UNITED STATES DISTRICT COURT CENTRAL DISTRICT OF CALIFORNIA
Jun 14, 2021
NO. 2: 20-CV-08351-E (C.D. Cal. Jun. 14, 2021)

Opinion

2:20-CV-08351-E

06-14-2021

WALTER A. Z., Plaintiff, v. ANDREW M. SAUL, Commissioner of Social Security, Defendant.


MEMORANDUM OPINION

CHARLES F. EICK UNITED STATES MAGISTRATE JUDGE

PROCEEDINGS

Plaintiff filed a complaint on September 11, 2020, seeking review of the Commissioner's denial of benefits. On October 21, 2020, the parties consented to proceed before a United States Magistrate Judge. Plaintiff filed a motion for summary judgment on May 10, 2021. Defendant filed a motion for summary judgment on June 9, 2021. The Court has taken the motions under submission without oral argument. See L.R. 7-15; “Order, ” filed September 16, 2020.

BACKGROUND

Plaintiff filed an application for Supplemental Security Income on April 6, 2017, asserting disability since December 17, 2010, based on alleged back pain, knee pain and depression (Administrative Record (“A.R.”) 209-16, 246; see also A.R. 278 (alleging a back injury, depression, mental problems and memory problems)). An Administrative Law Judge (“ALJ”) reviewed the record and heard testimony from Plaintiff and from a vocational expert (A.R. 15-26, 32-61).

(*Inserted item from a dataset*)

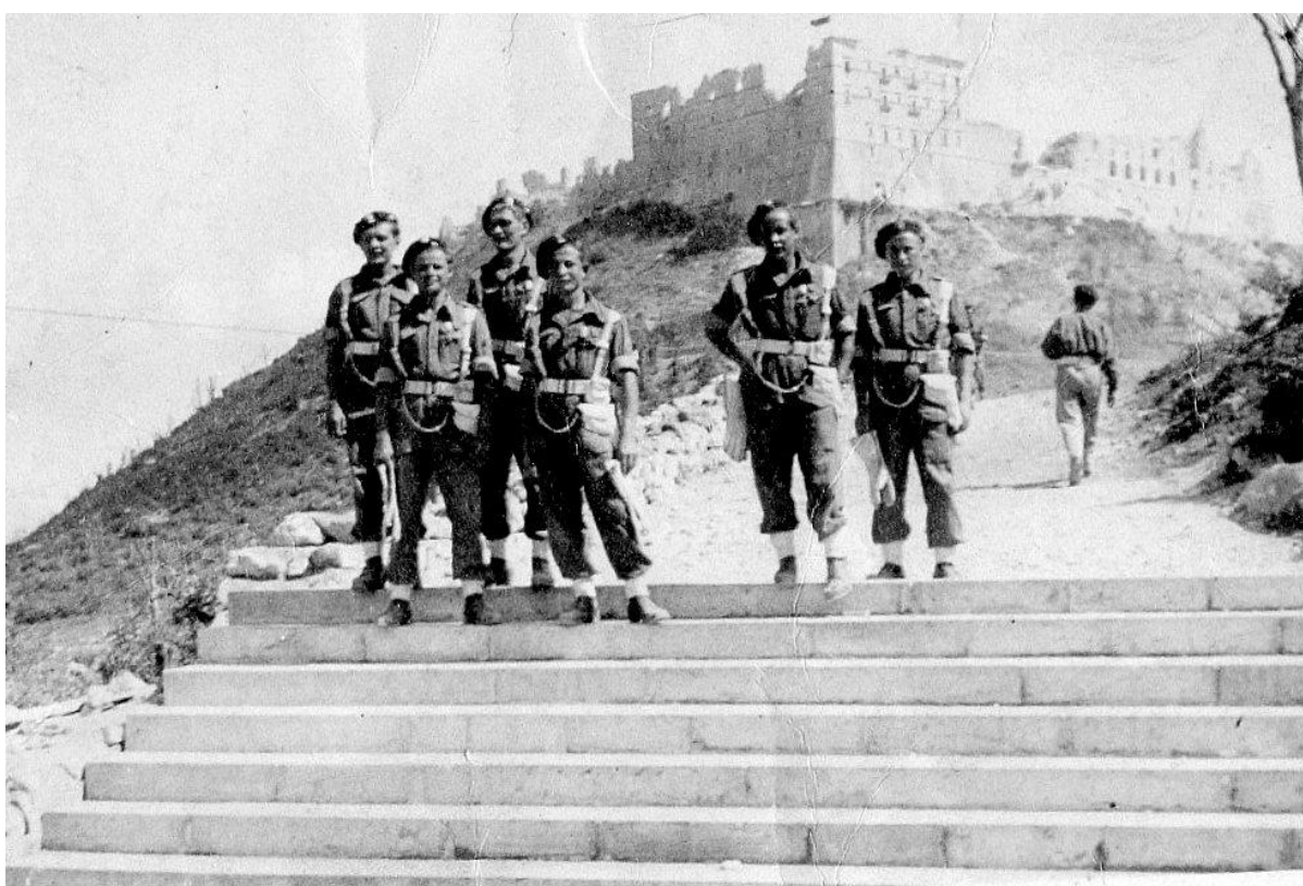
With the Polish Army, tank regiment on the steps of the destroyed Monte Cassino; Italy 1944.

Plaintiff had filed prior applications for disability benefits, but these applications were denied on February 23, 2016. See A.R. 84-94; see also A.R. 15-16, 102.

The ALJ determined that Plaintiff has severe thoracic spine degenerative disc disease, bilateral knee pain with chondromalacia, depression and a neurocognitive disorder (A.R. 18). The ALJ found that Plaintiff retains a residual functional capacity for medium work, limited to simple, routine tasks and further limited by certain postural restrictions. See A.R. 20-23 (discussing, inter alia, the “persuasive” opinions of consultative psychological examiner Dr. Bahareh Talei and state agency physicians). The ALJ found Dr. Talei's opinions “overall more persuasive” as based on Dr. Talei's first-hand examination of Plaintiff (A.R. 23). The ALJ determined that a person with this capacity could perform Plaintiff's past relevant work and also could perform other medium and light jobs existing in significant numbers in the national economy. See A.R. 23-25 (adopting vocational expert testimony at A.R. 51-55). The Appeals Council denied review (A.R. 1-3).

STANDARD OF REVIEW

Under 42 U.S.C. section 405(g), this Court reviews the Administration's decision to determine if: (1) the Administration's findings are supported by substantial evidence; and (2) the Administration used correct legal standards. See Carmickle v. Commissioner, 533 F.3d 1155, 1159 (9th Cir. 2008); Hoopai v. Astrue, 499 F.3d 1071, 1074 (9th Cir. 2007); see also Brewes v. Commissioner, 682 F.3d 1157, 1161 (9th Cir. 2012). Substantial evidence is “such relevant evidence as a reasonable mind might accept as adequate to support a conclusion.” Richardson v. Perales, 402 U.S. 389, 401 (1971) (citation and quotations omitted); see also Widmark v. Barnhart, 454 F.3d 1063, 1066 (9th Cir. 2006).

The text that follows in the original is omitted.